No ID, I Be A G, Exclude Every Other Alphabet…

Traffic to the city is a bitch! Almost forgot how much I hate traffic on a rainy day and thank God there was something to remind me. A drive to SF can usually cost me tops 45 min. This time it cost us about an hour and half. Was it cause I wasn’t driving? You can bet your ass it was.

We got to the Regency Ballroom while Hopsin was performing with a homie. Hopsin is what Eminem would be if he were black, 15 years younger, and wore white eye contacts. He was signed to Ruthless Records a few years back by Eazy E’s wife who apparently shafted him in whatever contract he signed with them causing him to bash her and the label. At one point he had the crowd chanting, “FUCK RUTHLESS RECORDS”. I withheld my urge to chime in the chanting for numerous reasons I will not get into right now. He got the crowd going, had a lot of energy and was clearly prepared for his performance as evident in the safety pin that was unmistakably the only thing keeping his chonies on.

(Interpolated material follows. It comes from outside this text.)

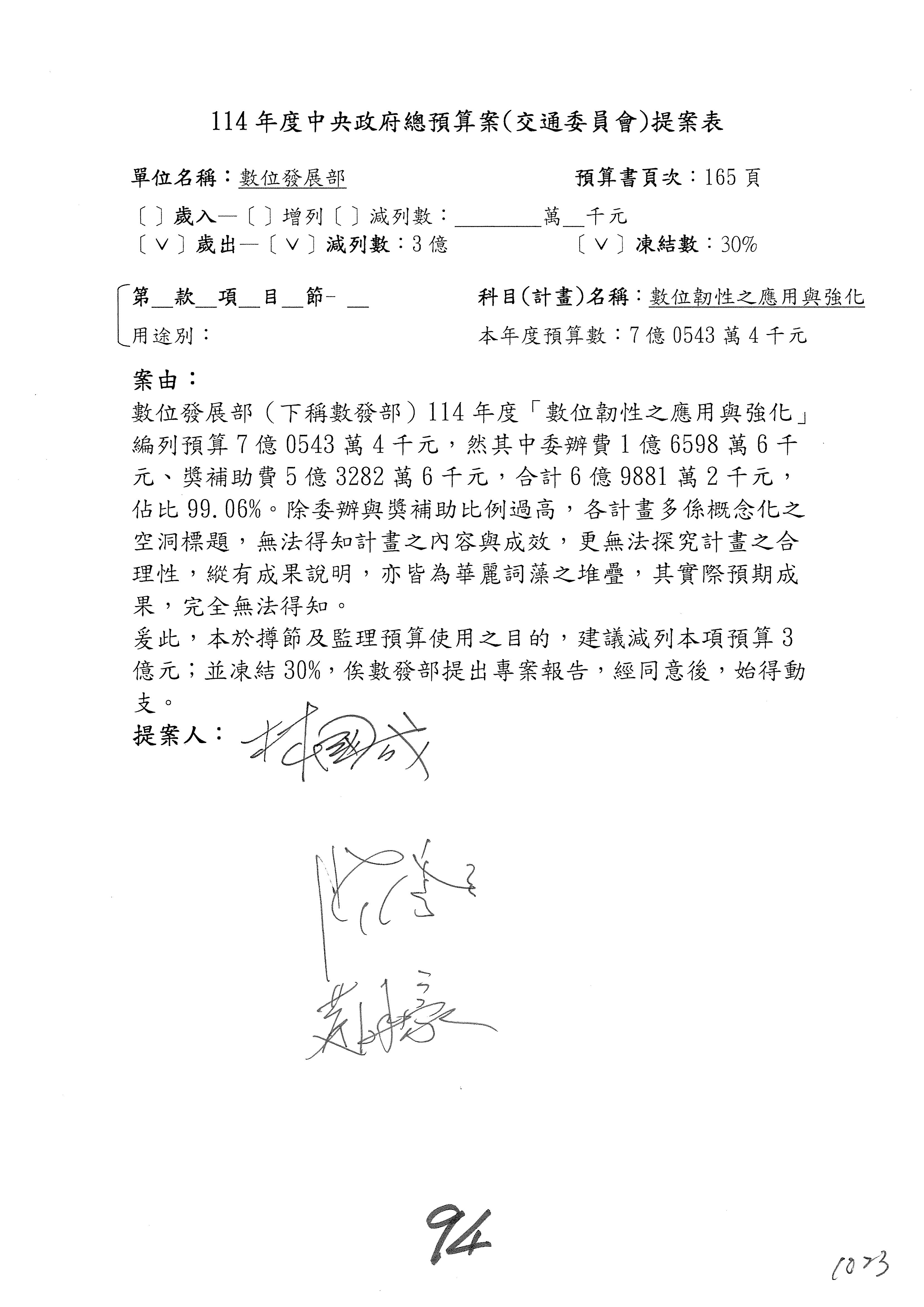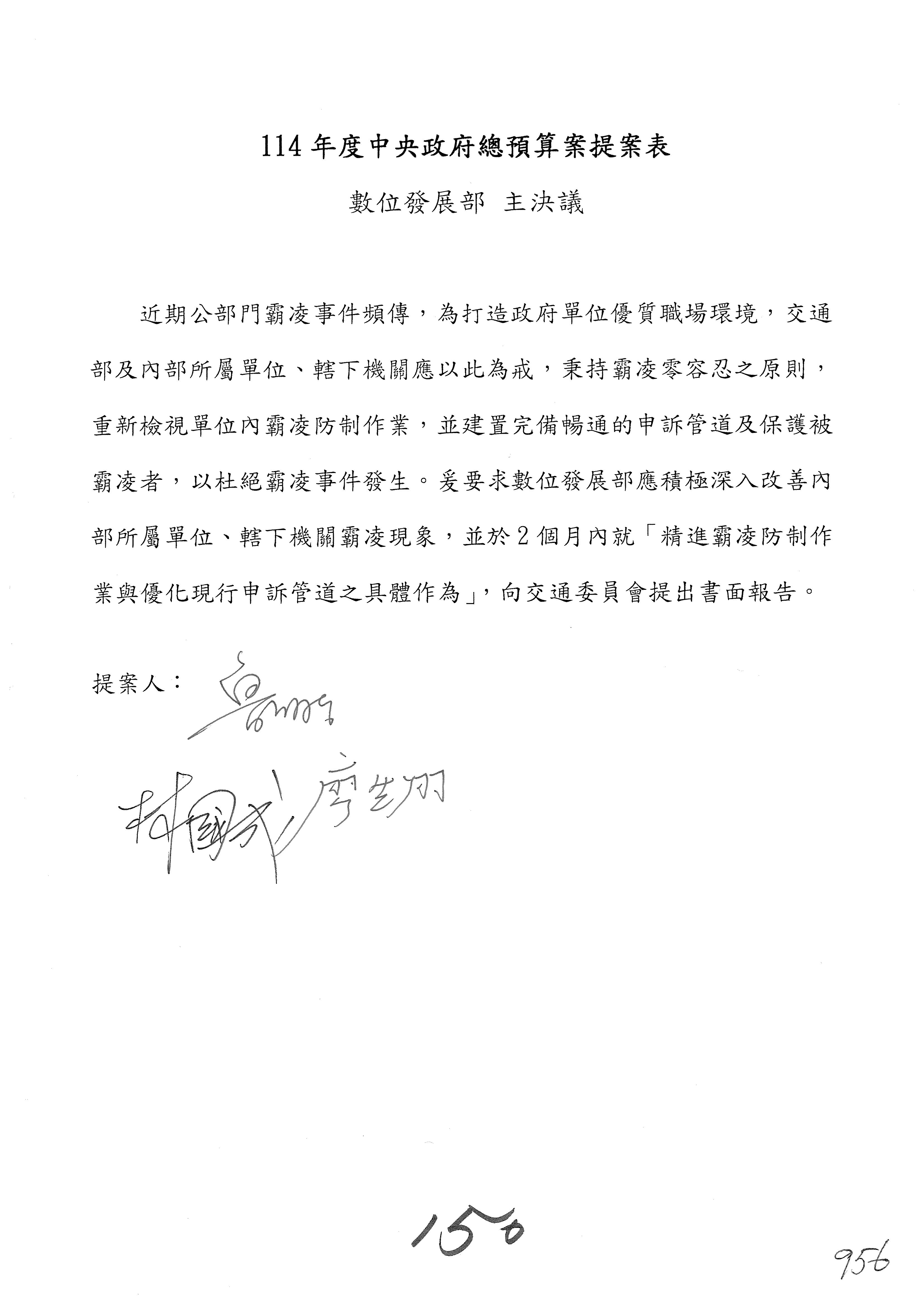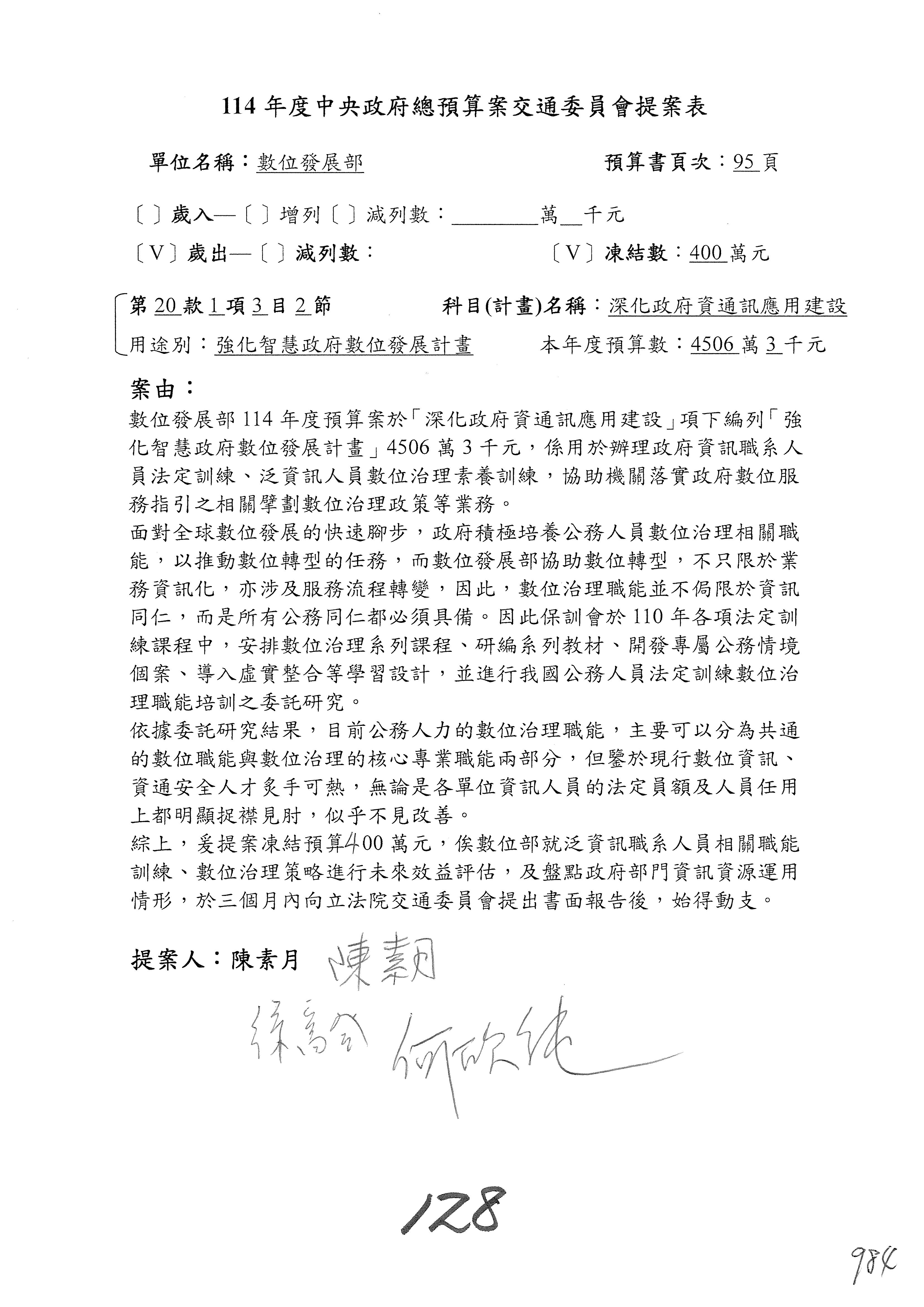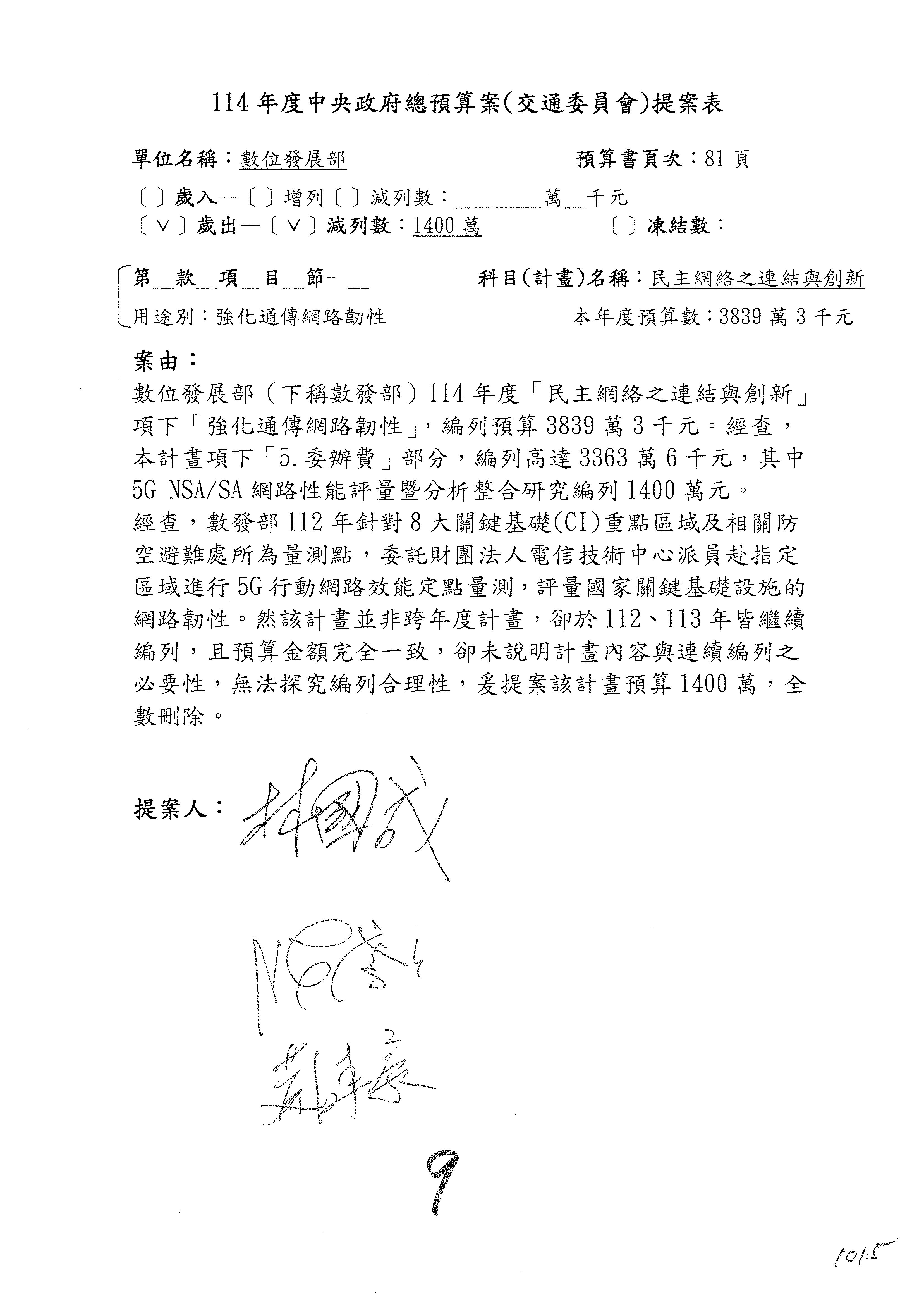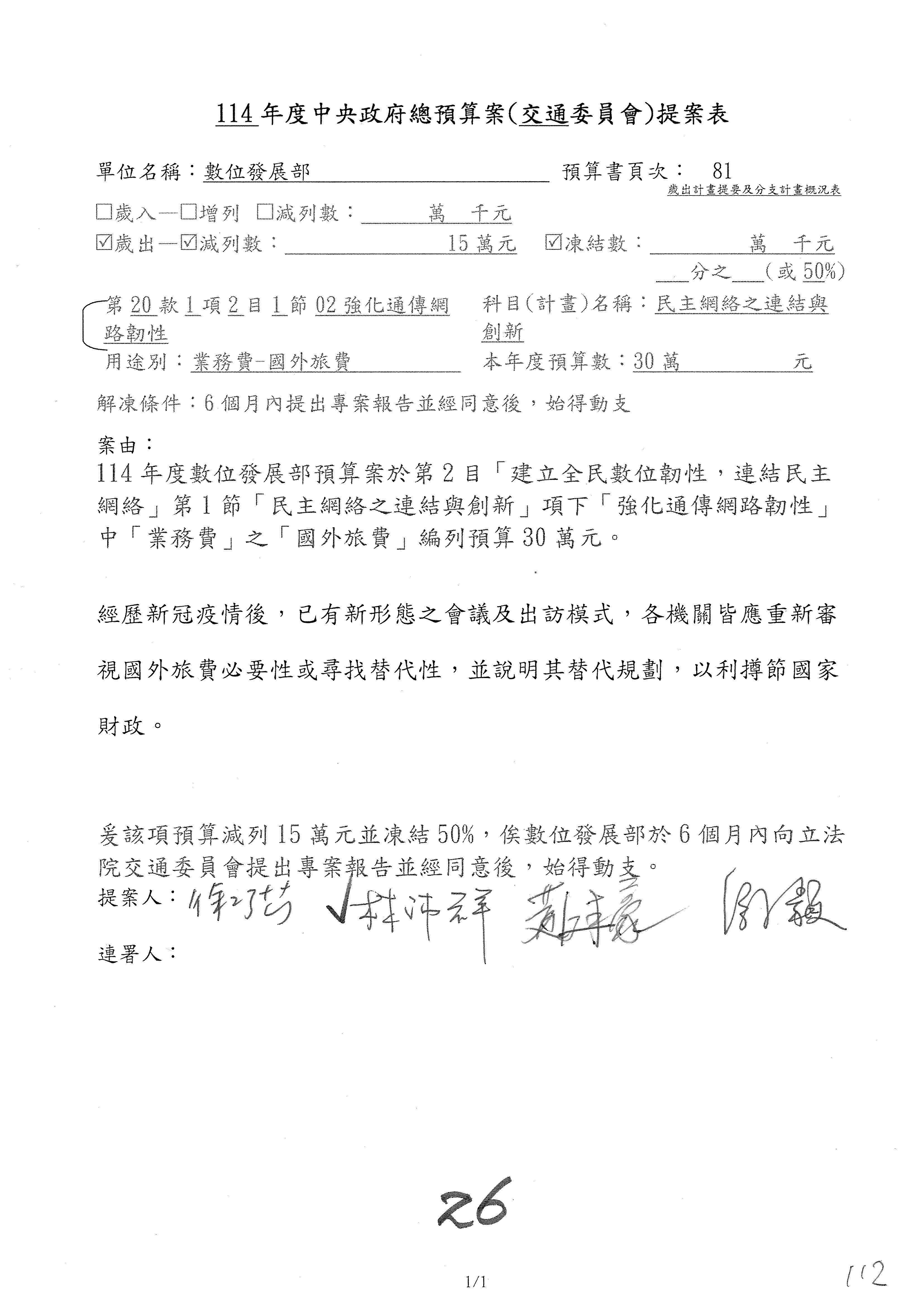 謝謝各位委員,現在請拿出最大本的,這應該算是今天最厚的,也請各位翻開數位發展部114年度單位預算─建議併案及預算表,待會審理預算按照這個併案審理的順序來審理。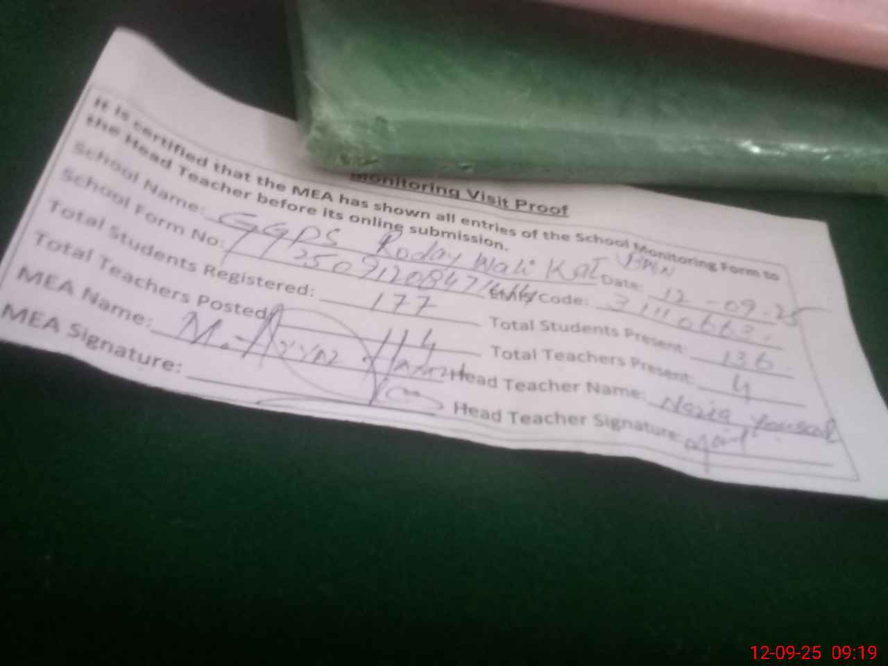 | EMIS Code: 31110663 | Name of School: GGPS RODAY WALI KAT | |||

But all blunts were lit when the homie Kendrick got on stage. He seemed genuinely humbled when the crowd sang his songs and even jokingly teased that we thought we could melodize. Shit, I know I can. His first show in San Francisco was received well. His stage presence is that of a conductor conducting an orchestra and the crowd loves it – Hello! He stopped at one point and told the crowd to tweet @KendrickLamar what song we wanted to hear, and you know I couldn’t resist the urge to tweet Cut You Off. Not sure if the whole crowd tweeted the same song, if he was already planning to perform that one next, or if my tweet really made him do it, but that was the next song he sang. P*ssy & Patron, Hol’ Up, Spiteful Chant (another personal favorite), and F*ck Your Ethnicity were among some of the other songs he performed. He had the crowd chanting his name when he walked off stage which of course forced him to do an encore… something I had really only seen The Arcade Fire do once. A lot of sneaky hoes tried stay for the meet & greet but were shamefully busted by security. By the time he came out, homie looked drained and ready for bed. Or maybe I was reading his eye wrong. Would definitely see him again if he rolled through. If you’re going to Coachella, put him on your TO SEE list.